In general, an SCBA contains embedded electronics to monitor various physical parameters and communicate them to the user in a simple and understandable manner. These parameters consist of, but are not limited to, cylinder pressure 5, PASS status 3, battery voltage and overall unit status. To integrate the SCBA into the TEAMS network, it is necessary to include an onboard transceiver 7 capable of communicating with the command center.

The TEAMS ready SCBA contains a high performance embedded microcontroller connected to transceiver 8 that is compatible with the command center transceiver, i.e., the same hopping sequence, channel number, and rf output power. Unique features of this system are the ability of the microcontroller to query the transceiver and determine whether or not the SCBA is within communication range of the command center. In-range transceivers provide a sync pulse at prescribed intervals allowing a lock in the frequency hopping sequence. This allows them to sense whether or not another transceiver is present within its communication envelope. This in-range indication is in the form of an LED mounted on the thumbwheel interface that hangs over the user's shoulder during normal use. When the SCBA is able to communicate with the command center, the LED is illuminated. If the user is not within communication range of the command center, the LED is extinguished. This gives the user immediate feedback as to his link status with the command center.

In addition to the transceiver interface, the microcontroller is responsible for the implementation of the TEAMS communication protocol. This requires on board storage of various system parameters stored in EEPROM and flash memory resident inside the microcontroller.

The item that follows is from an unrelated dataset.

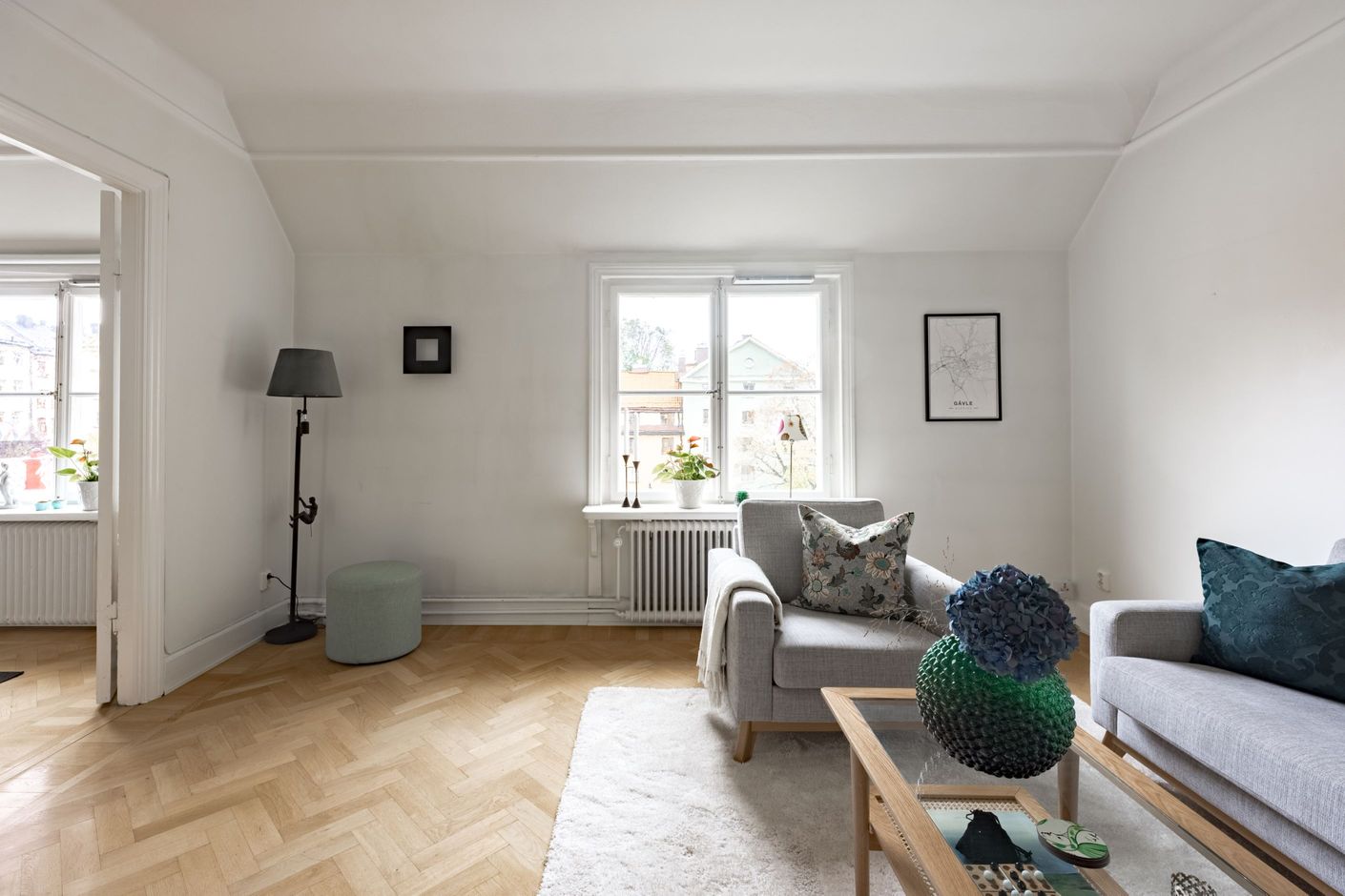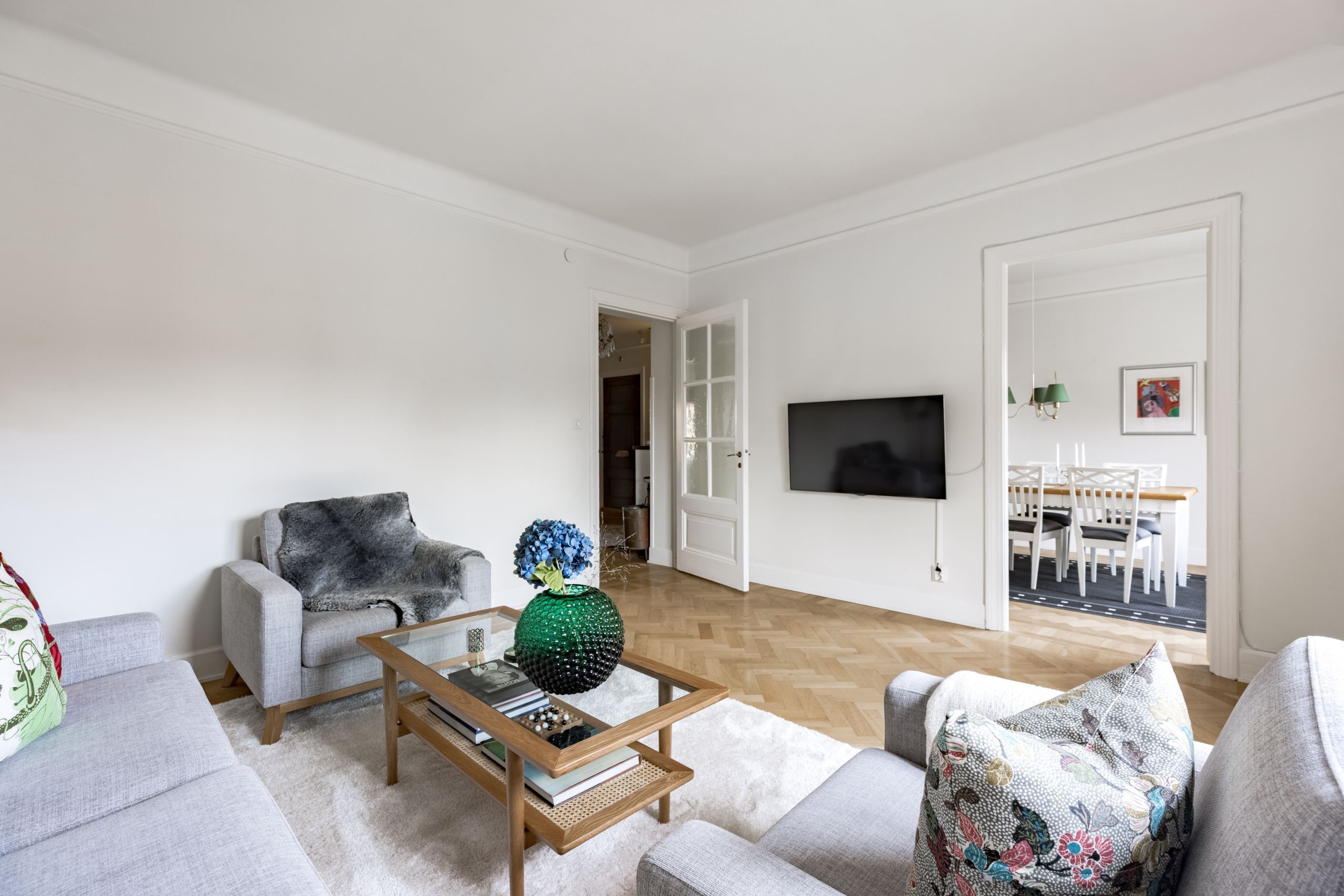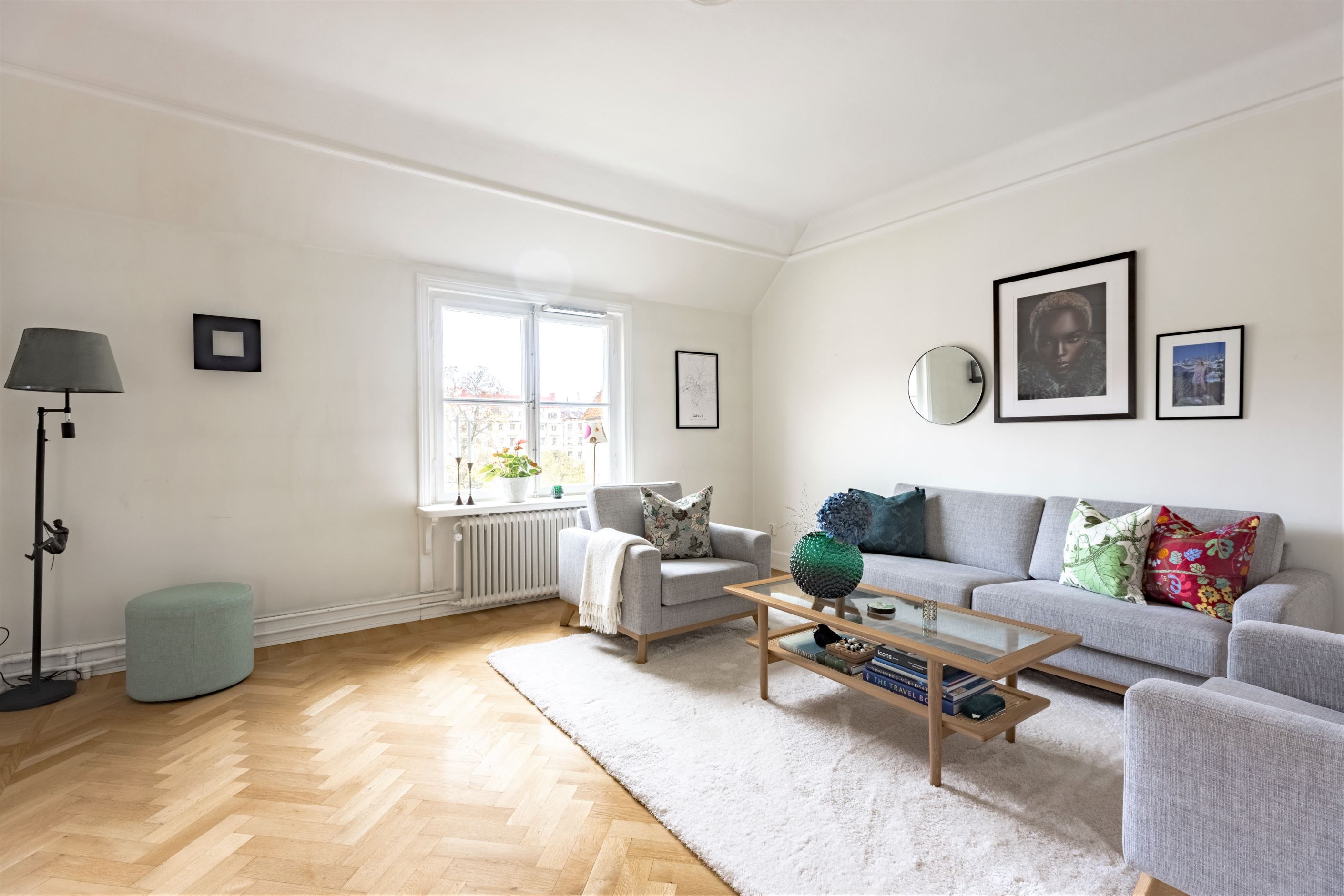 På en av Kungsholmens attraktivaste adresser ligger denna vackra 3.a. Bostaden ligger högst upp i huset med en enastående utsikt mot den anrika malmgården Piperska Muren som uppfördes under 1600-talet. Planlösningen är genomgående vilket i kombination med det höga läget ger ett fantastiskt ljusinsläpp och den höga takhöjden ger en härlig rymd. Lägenheten är i gott skick med många tidstypiska detaljer bevarade; trägolv, fiskbensmönstrad parkett, speglade dörrar och djupa fönsternischer. Fungerade öppen spis att njuta av under de mörkare månaderna.

Unique to the system is the manner in which each SCBA user is identified by name. In order to identify the user of a particular SCBA, the SCBA contains a thumbwheel interface. This interface is permanently mounted on the unit and allows the firefighter to key in a unique PIN. This PIN is transmitted to the TEAMS software via the command center during each SCBA command center event. The TEAMS software contains a database which contains PIN assignments. These assignments correlate a PIN to a name. This allows the TEAMS software to identify the actual user by name.

TEAMS is a software application designed to run on the Windows XP platform. The main purpose of the software is to provide the commander with the ability to monitor and recall fire team members either individually or universally.

The software is a real-time database application. This differs from a standard application due to the scanning sequence the software performs in order to sample and communicate SCBA status in a reasonable amount of time. The system operation begins by entering serial numbers into the database via an interface screen provided by a menu selection. The serial numbers of the SCBAs are entered into the database with this interface. These serial numbers are provided by the manufacturer at the time of sale so that each time the user purchases a new unit the new serial number can be added. A maximum of 32 units can be displayed at any one time so the maximum for one command center is 32. Another embodiment allows this number to be increased without limit. The software sorts the online users based upon the task selected. This allows grouping of firefighters to a particular task. Examples might be roof, basement, north quadrant etc.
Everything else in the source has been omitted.